The Cocaine Convictions

Cocaine was seized at the time of the search pursuant to the above warrants. It was in a plastic vial inside a decorative box on a coffee table in the main room of the defendants’ house. The trial court found that the cocaine was in the common control of all the defendants, and that it was constructively possessed by each of them. We believe the court erred on this point.

*77There is no evidence on the record that the defendants had direct or constructive possession of the cocaine. “For possession, the State must prove physical or constructive possession of the object, with knowledge of the object’s presence and narcotic character. . . .” State v. Maes, 81 N.M. 550, 469 P.2d 529 (Ct.App. 1970). There is no evidence of actual physical possession by any of the defendants. The State contends that since the defendants were in common control of the house, it may be inferred that they constructively possessed the cocaine. Constructive possession exists when the accused has “knowledge of the presence of the narcotic and control over it.” State v. Montoya, 85 N.M. 126, 509 P.2d 893 (Ct. App.1973). Where a person is not in exclusive possession of the premises, it cannot be inferred that the person knew that narcotics were present and had control over the narcotics unless there are other incriminating statements or circumstances tending to buttress such an inference. State v. Baca, 86 N.M. 12, 528 P.2d 656 (Ct.App.) decided August 28, 1974. Compare State v. Bauske, 86 N.M. 484, 525 P.2d 411 (Ct.App.1974) where there was circumstantial evidence of defendant’s knowledge and right to control.

The only evidence in this case concerning cocaine is that some was found.

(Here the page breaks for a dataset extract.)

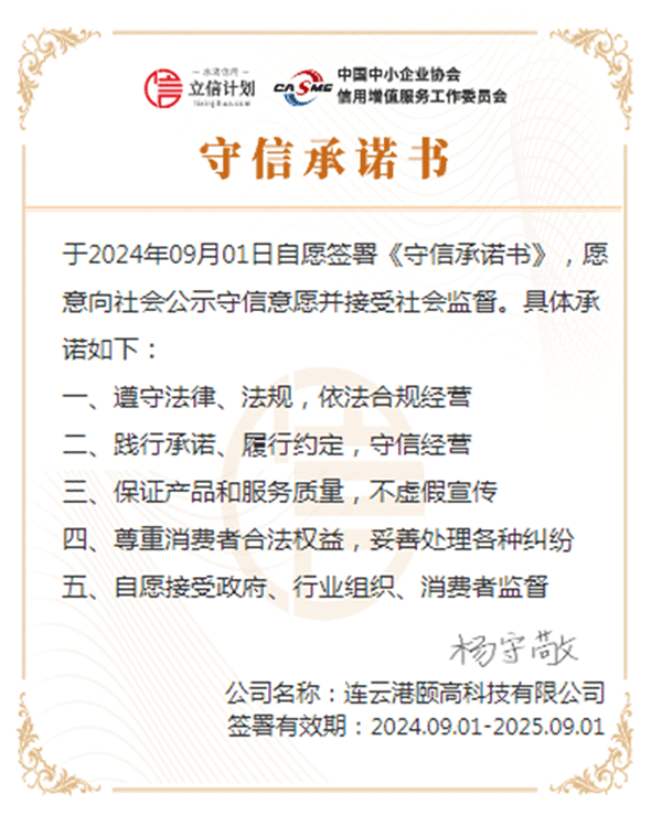 于2024年09月01日自愿簽署《守信承諾書》,愿意向社會公示守信意愿并接受社會監督。具體承諾如下: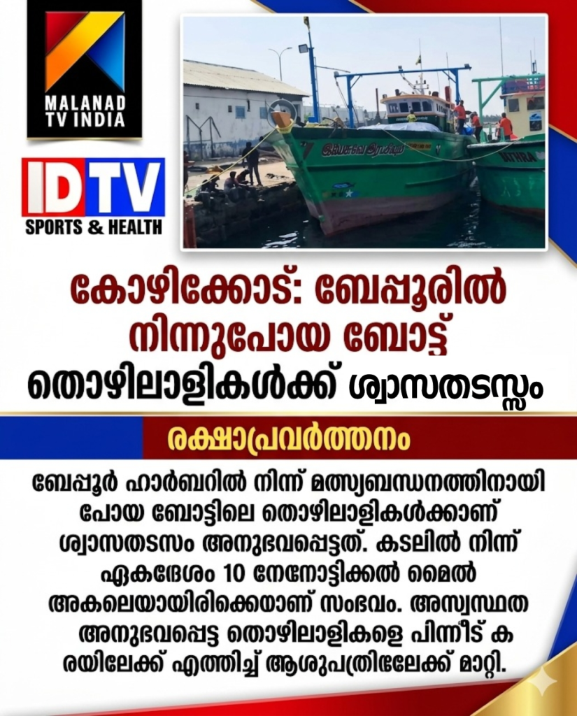 കോഴിക്കോട്: ബേപ്പൂർ ഹാർബറിൽ നിന്ന് മത്സ്യബന്ധനത്തിനായി പോയ ബോട്ടിലെ തൊഴിലാളികൾക്ക് ശ്വാസതടസം അനുഭവപ്പെട്ടു. ‘ആയിഷ’ എന്ന ബോട്ടിലെ 12 പേരാണ് സംഭവസമയം ബോട്ടിലുണ്ടായിരുന്നത്. ബോട്ടിന്റെ എഞ്ചിൻ റൂമിലേക്ക് വെള്ളം കയറിയതിനെ തുടർന്ന് അത് പരിശോധിക്കാൻ പോയപ്പോഴാണ് ചിലർക്കു ശ്വാസതടസം അനുഭവപ്പെട്ടത്. ഇതിൽ നാലുപേർ ദേഹാസ്വാസ്ഥ്യത്തെ തുടർന്ന് കുഴഞ്ഞുവീണു.

There is no testimony that any of the defendants knew of the contents of the vial or of its character. There is no evidence that any of the defendants had the power to produce or dispose of the narcotic in question; nor is there evidence that the defendants had any common purpose in the cocaine which was found. Therefore, we hold that the trial court erred in finding that there was sufficient evidence to convict the defendants for possession of cocaine. Radke v. State, 52 Ala.App. 397, 293 So.2d 312 (1974); Smith v. State, 276 So.2d 91 (Fla.App.1973); State v. Reeves, 209 N.W.2d 18 (Iowa 1973); Brown v. State, 481 P.2d 475 (Okl.Cr.1971); Commonwealth v. Tirpak, 441 Pa. 534, 272 A.2d 476 (1971); Compare People v. Vigil, 175 Colo. 421, 489 P.2d 593 (1971); State v. Woods, 5 Wash.App. 399, 487 P.2d 624 (1971).

Accordingly, the convictions of all the defendants for possession of marijuana with intent to distribute are affirmed, and the convictions for possession of cocaine are reversed. The trial court is directed to dismiss the charges of cocaine against all the defendants.

It is so ordered.

SUTIN, J., concurs.

WOOD, C. J., concurs in result only.